Starting at the line with "その日は気温が高めだったので、ジュースとチーズケーキを注文。" and going on through the line with "2018年36日下午,tyc", reproduce each line in the records below exactly and nothing more.

:: Recorded data ::
________

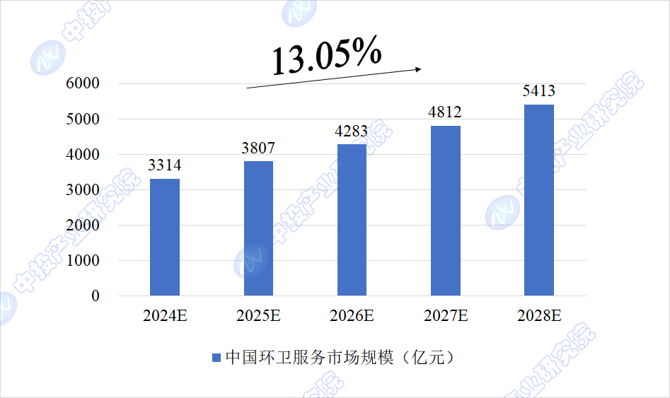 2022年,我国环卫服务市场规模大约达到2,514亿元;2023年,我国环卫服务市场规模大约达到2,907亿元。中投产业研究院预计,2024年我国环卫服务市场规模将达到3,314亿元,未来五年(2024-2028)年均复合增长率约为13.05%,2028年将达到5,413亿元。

________

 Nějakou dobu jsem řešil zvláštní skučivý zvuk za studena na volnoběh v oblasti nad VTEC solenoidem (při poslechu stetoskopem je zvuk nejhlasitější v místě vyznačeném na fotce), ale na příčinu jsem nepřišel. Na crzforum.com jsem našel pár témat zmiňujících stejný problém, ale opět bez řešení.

________

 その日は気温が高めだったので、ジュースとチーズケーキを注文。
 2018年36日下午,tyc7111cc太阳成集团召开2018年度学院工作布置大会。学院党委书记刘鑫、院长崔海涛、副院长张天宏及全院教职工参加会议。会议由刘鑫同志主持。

________

:: Reply ::
 その日は気温が高めだったので、ジュースとチーズケーキを注文。
 2018年36日下午,tyc7111cc太阳成集团召开2018年度学院工作布置大会。学院党委书记刘鑫、院长崔海涛、副院长张天宏及全院教职工参加会议。会议由刘鑫同志主持。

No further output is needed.